ACTIVITY. Gather all lines in the entries that include the word "Osiej".

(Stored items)
◇ ◇ ◇

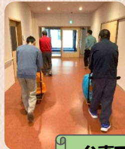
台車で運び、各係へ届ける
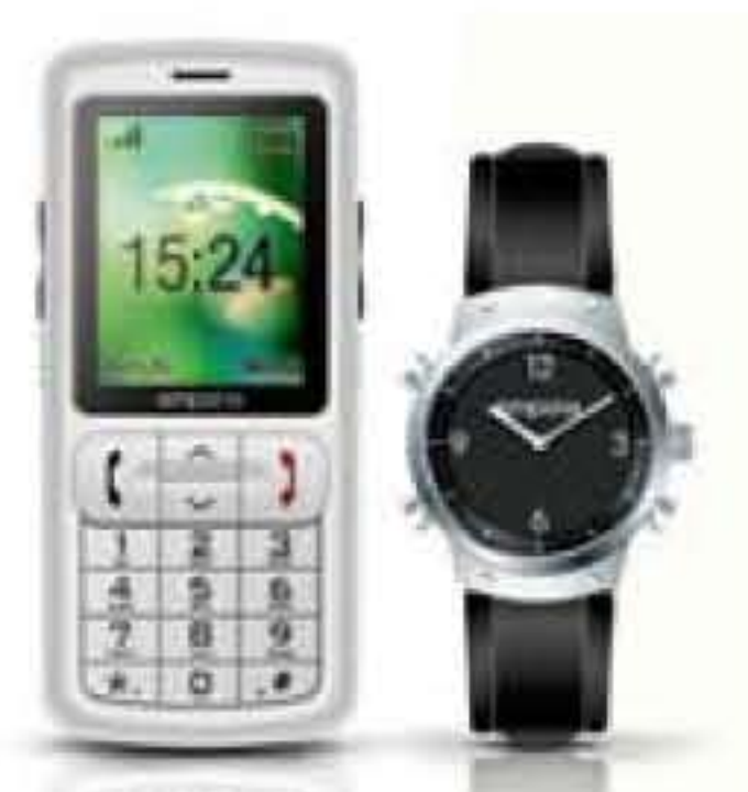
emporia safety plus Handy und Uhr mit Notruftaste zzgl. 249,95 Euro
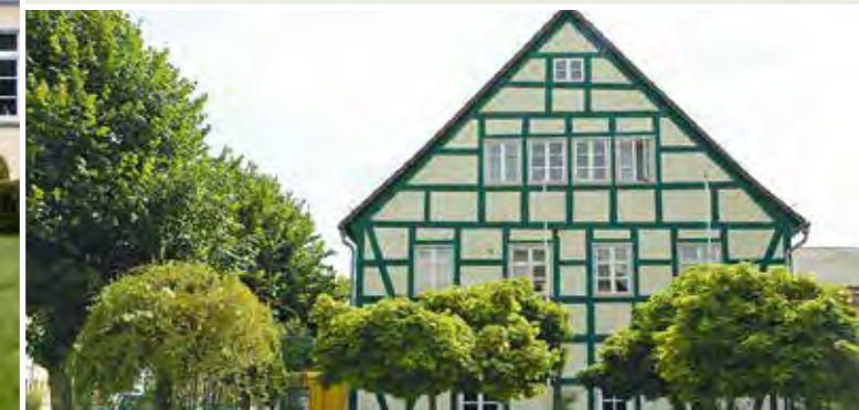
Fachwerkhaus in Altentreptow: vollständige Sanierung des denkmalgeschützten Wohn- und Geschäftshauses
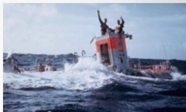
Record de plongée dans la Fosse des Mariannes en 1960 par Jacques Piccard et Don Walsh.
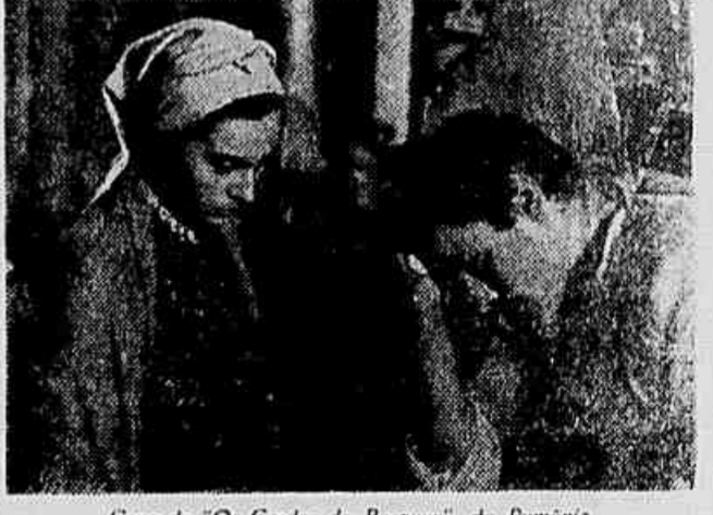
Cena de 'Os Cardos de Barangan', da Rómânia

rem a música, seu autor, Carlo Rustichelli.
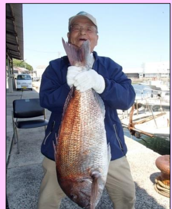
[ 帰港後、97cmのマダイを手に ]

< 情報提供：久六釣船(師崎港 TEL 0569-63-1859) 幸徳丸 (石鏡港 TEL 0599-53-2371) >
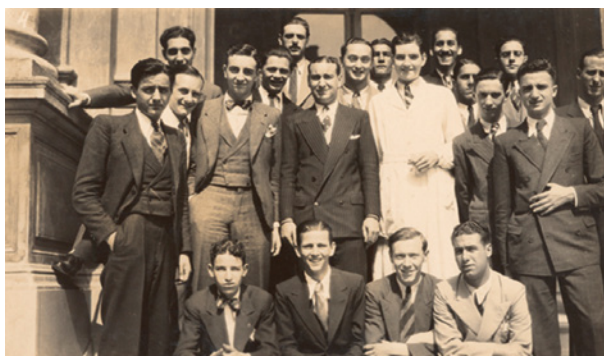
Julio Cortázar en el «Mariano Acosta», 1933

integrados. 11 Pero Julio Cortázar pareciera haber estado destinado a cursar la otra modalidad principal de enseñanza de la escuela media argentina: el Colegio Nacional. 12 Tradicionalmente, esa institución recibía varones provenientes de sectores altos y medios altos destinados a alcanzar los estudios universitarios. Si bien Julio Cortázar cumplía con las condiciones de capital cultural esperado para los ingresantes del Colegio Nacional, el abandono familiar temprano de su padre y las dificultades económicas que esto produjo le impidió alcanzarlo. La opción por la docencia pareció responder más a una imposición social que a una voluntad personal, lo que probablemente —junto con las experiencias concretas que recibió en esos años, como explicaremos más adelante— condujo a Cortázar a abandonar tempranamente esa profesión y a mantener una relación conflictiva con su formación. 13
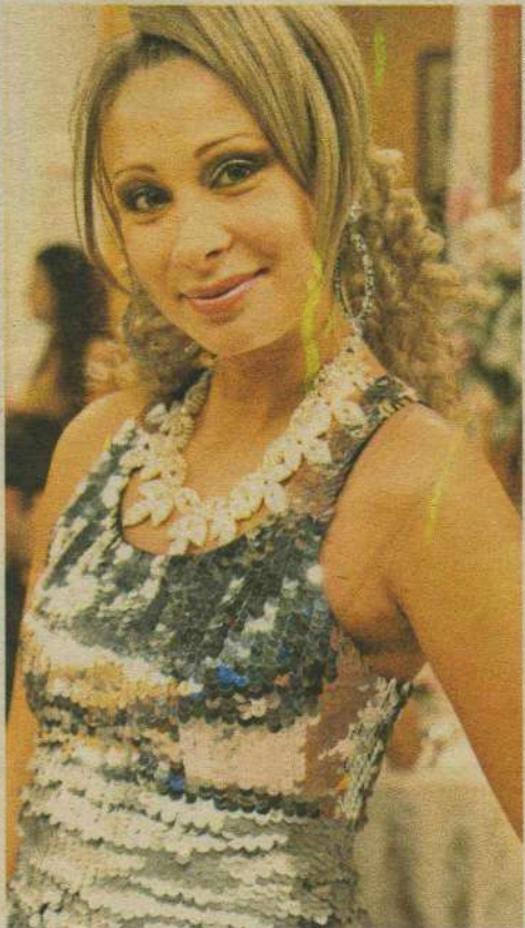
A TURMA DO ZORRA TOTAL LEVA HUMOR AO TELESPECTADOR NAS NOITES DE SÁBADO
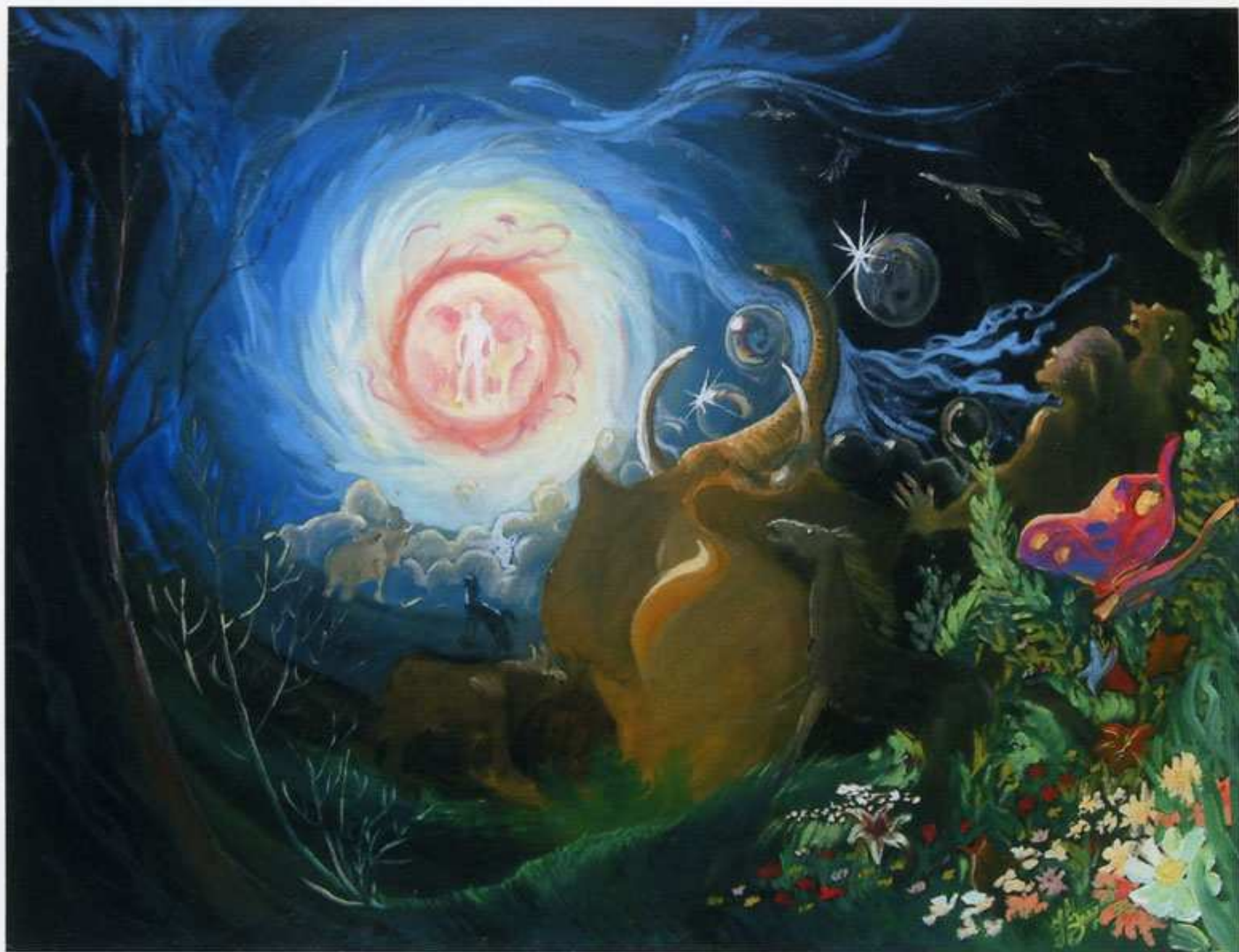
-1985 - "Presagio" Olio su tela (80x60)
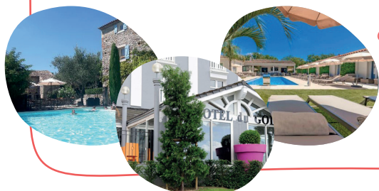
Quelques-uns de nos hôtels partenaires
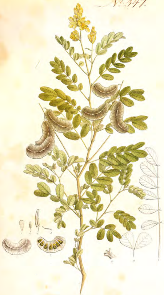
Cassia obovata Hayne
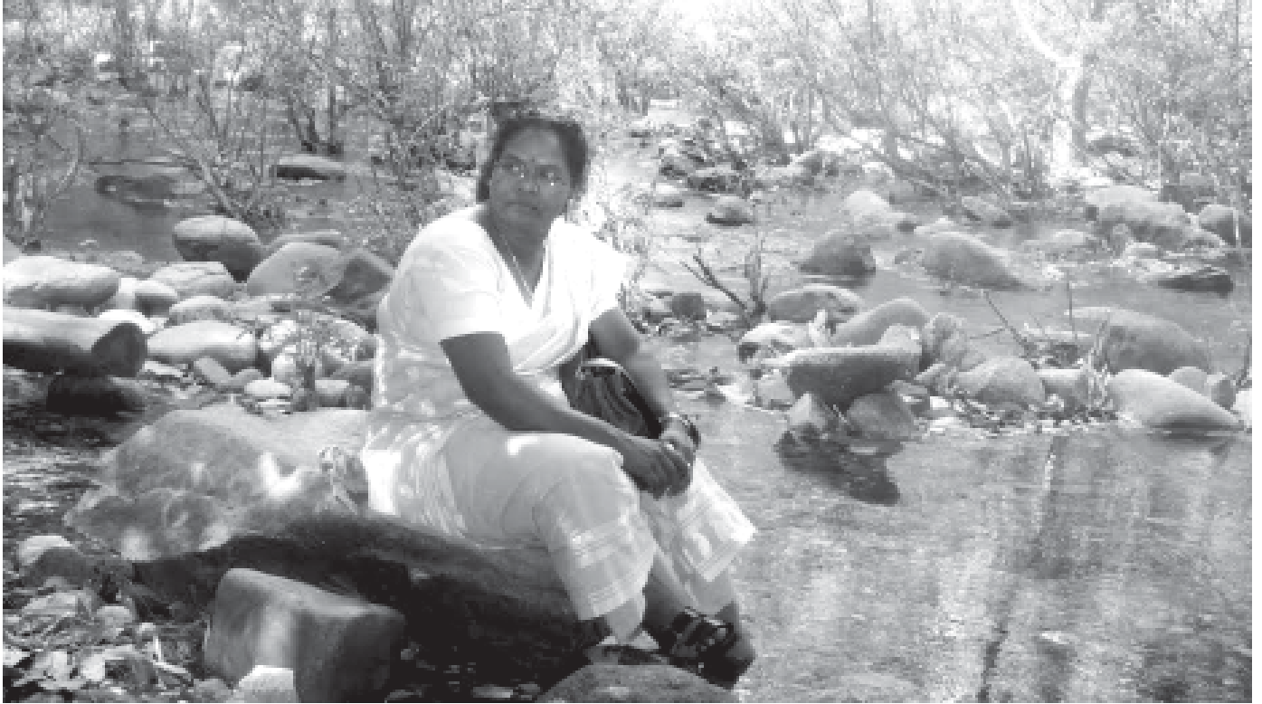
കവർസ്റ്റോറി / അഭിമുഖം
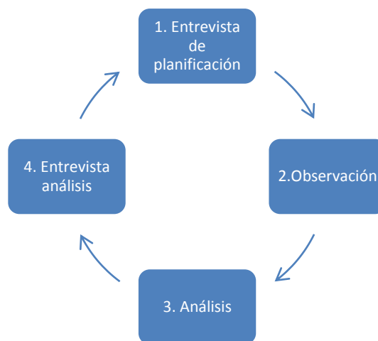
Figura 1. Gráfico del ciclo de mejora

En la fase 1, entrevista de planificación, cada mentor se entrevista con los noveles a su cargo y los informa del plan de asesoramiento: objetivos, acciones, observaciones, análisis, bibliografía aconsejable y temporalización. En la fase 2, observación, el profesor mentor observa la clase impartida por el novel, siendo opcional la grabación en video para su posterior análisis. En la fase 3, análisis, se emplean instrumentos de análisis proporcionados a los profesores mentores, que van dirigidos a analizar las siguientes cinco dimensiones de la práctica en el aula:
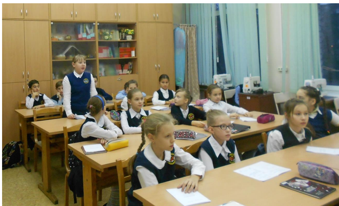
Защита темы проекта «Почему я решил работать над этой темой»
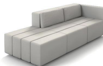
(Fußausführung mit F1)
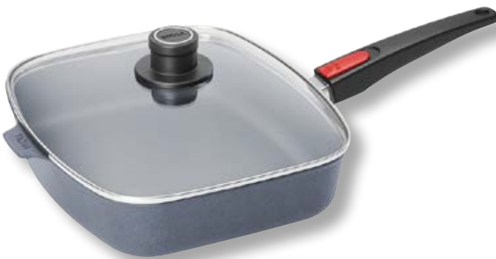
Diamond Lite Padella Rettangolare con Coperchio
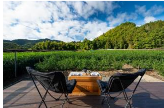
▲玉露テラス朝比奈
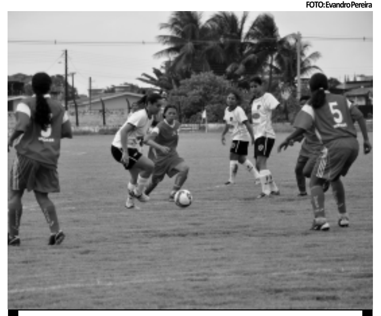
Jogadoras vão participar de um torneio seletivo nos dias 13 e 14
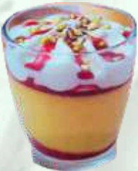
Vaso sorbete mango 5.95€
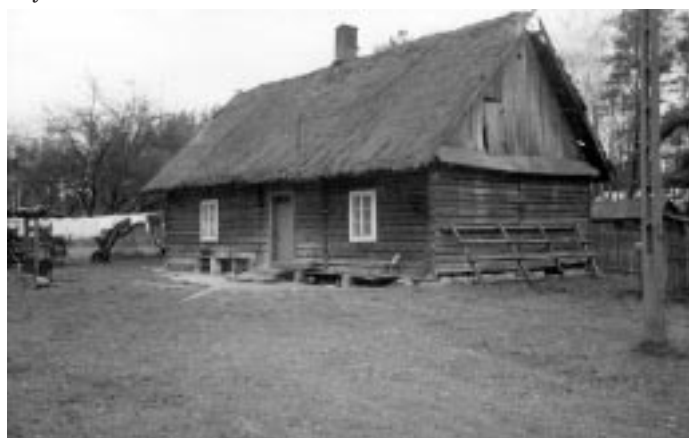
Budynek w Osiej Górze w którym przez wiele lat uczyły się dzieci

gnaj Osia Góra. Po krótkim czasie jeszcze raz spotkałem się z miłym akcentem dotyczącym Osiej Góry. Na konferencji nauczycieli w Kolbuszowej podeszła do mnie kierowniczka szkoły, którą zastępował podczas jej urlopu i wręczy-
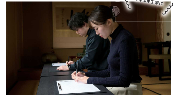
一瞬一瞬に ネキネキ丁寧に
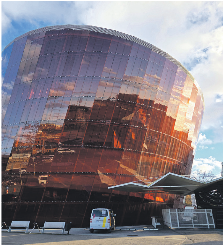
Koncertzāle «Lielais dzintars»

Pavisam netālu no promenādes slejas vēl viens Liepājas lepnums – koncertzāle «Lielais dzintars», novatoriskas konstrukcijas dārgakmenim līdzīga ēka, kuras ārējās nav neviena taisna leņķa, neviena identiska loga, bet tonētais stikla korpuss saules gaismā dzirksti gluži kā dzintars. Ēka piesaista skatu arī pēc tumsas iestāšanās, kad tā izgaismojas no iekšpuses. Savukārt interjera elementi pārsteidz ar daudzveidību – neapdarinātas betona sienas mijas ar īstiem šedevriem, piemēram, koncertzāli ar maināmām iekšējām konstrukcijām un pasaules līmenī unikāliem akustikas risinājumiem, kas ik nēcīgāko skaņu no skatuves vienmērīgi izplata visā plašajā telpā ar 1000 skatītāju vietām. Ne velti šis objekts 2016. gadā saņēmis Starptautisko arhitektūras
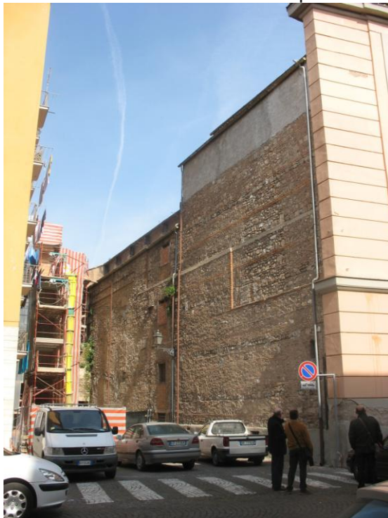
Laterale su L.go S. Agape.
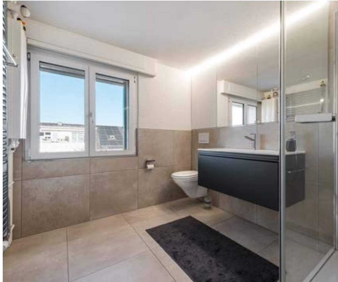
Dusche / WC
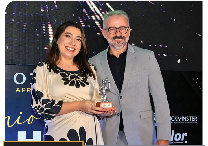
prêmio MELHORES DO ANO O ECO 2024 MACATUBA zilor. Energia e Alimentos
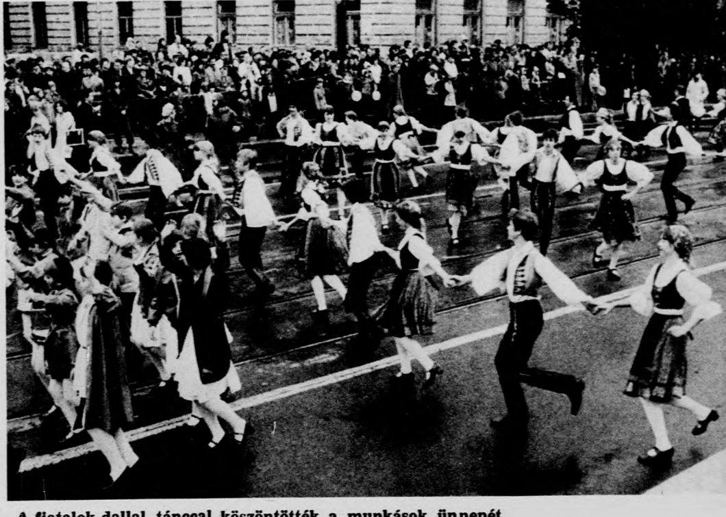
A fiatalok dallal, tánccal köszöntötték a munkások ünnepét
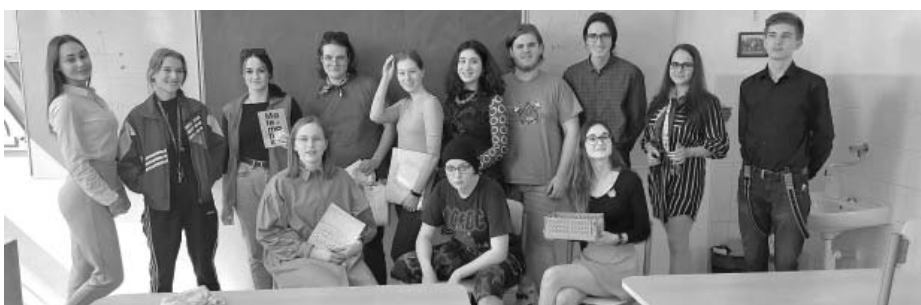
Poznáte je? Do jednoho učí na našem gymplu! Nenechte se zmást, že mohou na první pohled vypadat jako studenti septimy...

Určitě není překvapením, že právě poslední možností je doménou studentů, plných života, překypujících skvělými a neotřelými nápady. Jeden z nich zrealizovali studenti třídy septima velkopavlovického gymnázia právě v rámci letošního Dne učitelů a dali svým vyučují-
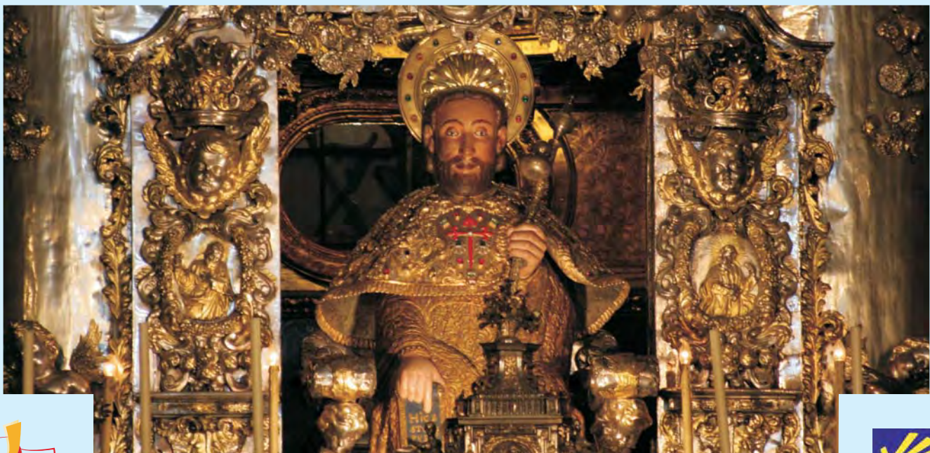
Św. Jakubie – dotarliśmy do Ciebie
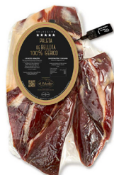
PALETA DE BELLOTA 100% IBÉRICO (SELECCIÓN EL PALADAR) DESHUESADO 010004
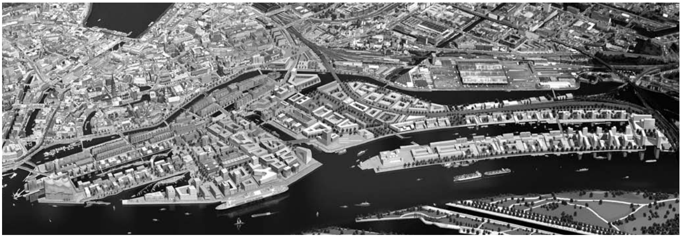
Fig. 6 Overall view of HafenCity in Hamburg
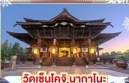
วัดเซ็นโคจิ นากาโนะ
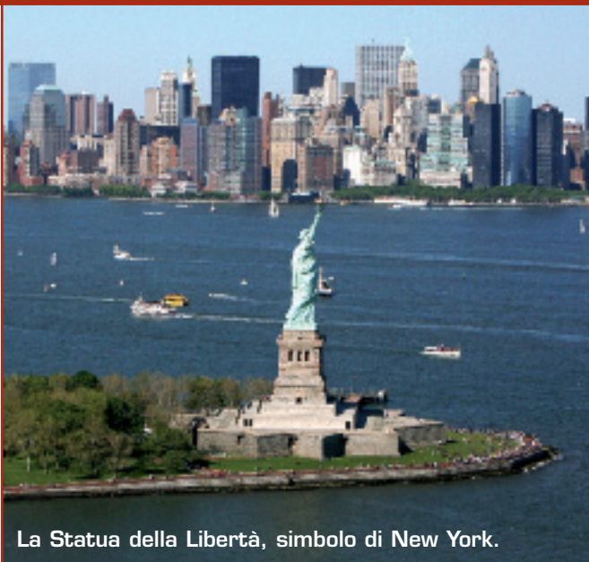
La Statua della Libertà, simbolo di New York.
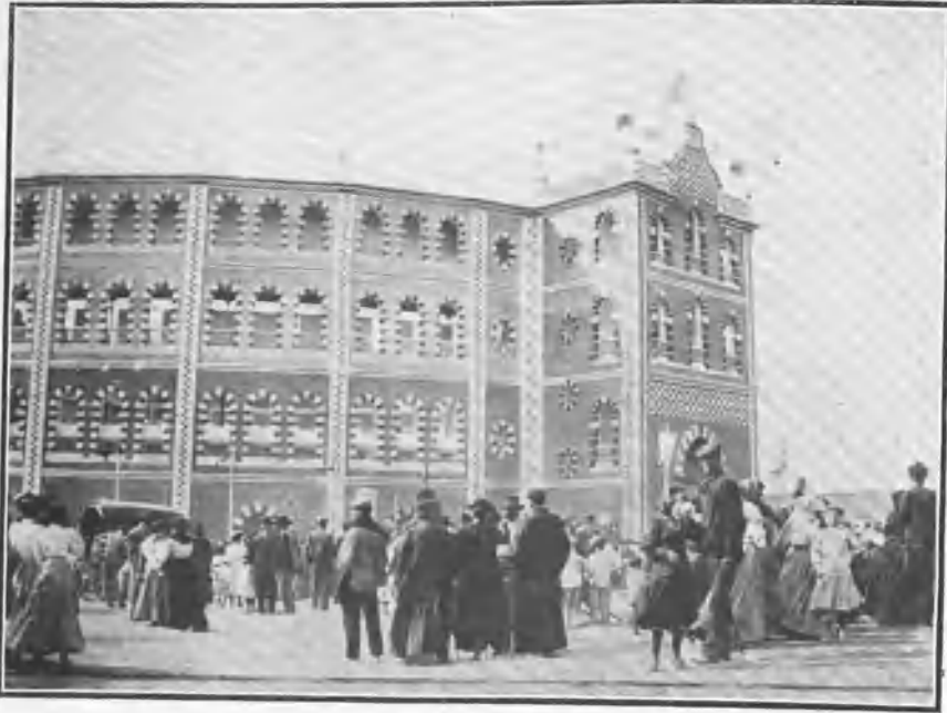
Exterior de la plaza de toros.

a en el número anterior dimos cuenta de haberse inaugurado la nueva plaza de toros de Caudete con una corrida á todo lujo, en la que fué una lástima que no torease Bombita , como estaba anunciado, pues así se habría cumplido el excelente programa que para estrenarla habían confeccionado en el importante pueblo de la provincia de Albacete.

◇ ◇ ◇

SOLUTION TO THIS TASK.
Budynek w Osiej Górze w którym przez wiele lat uczyły się dzieci
gnaj Osia Góra. Po krótkim czasie jeszcze raz spotkałem się z miłym akcentem dotyczącym Osiej Góry. Na konferencji nauczycieli w Kolbuszowej podeszła do mnie kierowniczka szkoły, którą zastępował podczas jej urlopu i wręczy-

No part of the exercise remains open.